In this study, we simulated the ecohydrological processes of a landscape that comprises of managed maritime pine stands and crops, in a spatially explicit manner. We used various spatio-temporal datasets to run the STEPS model that describes ecophysiological, biogeochemicaland hydrological processes in a tightly coupled manner. The simulated gross primary productivity (GPP) and evapotranspiration (ET) showed large spatial variability over this landscape owing to the heterogeneities in landcover, soil texture, topography and soil hydrology. Croplands exhibited higher magnitudes of GPP (200–2500 gCm⁻² yr⁻¹) and ET fluxes (150–800 mm yr⁻¹) in comparison to other landcover types. Maize (C4) is generally cultivated in this landscape that is managed in terms of optimal availability of water and nutrients. The spatial variability was huge in the croplands due to the presence of fallow vs. cultivated lands. The maritime pine stands also showed considerable spatial variability in GPP (426 to 1320 gCm⁻² yr⁻¹) and ET (234 to 570 mm yr⁻¹) because of their stand ages (and the LAI) and depending on the nature of their understory species compositions.

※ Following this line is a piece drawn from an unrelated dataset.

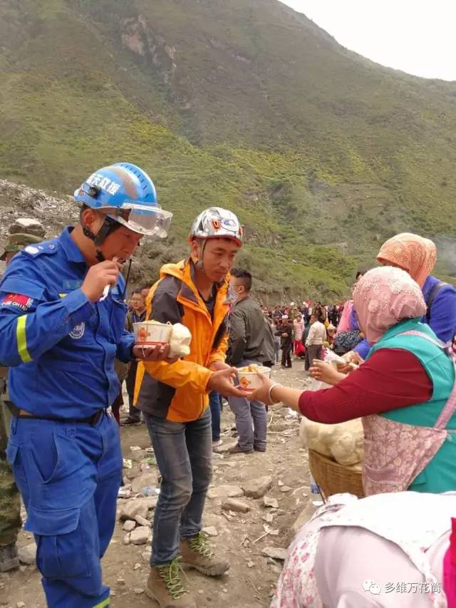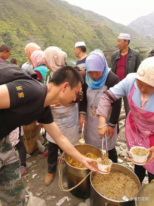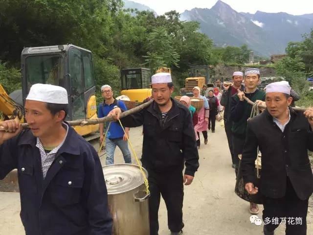 6月24日早上6點,四川省阿壩州茂縣疊溪鎮新磨村發生山體滑坡,截止目前官方報導有100人失蹤,河道堵塞2公里。臨近的太平村清真寺聞訊後開始自發組織正在齋戒的村民,利用清真寺廚房,為災區製作飯菜,並在第一時間送往災區。

It was found that the understory contributions to the stand scale annual GPP and annual ET as much as 27% and 34%, respectively. The comparison of the simulated daily values with the measurements taken at the LeBray eddy covariance site (a maritime pine stand) revealed that the model performance were reasonable for both GPP (R2= 0.92, RMSE= 0.77 gC m⁻² day⁻¹) and ET (r2=0.81, RMSE= 0.52 mm day⁻¹). The seasonal patterns of ET fluxes were more dynamic than GPP due to the presence of distinct subcomponent processes that were uniquely governed by environmental factors.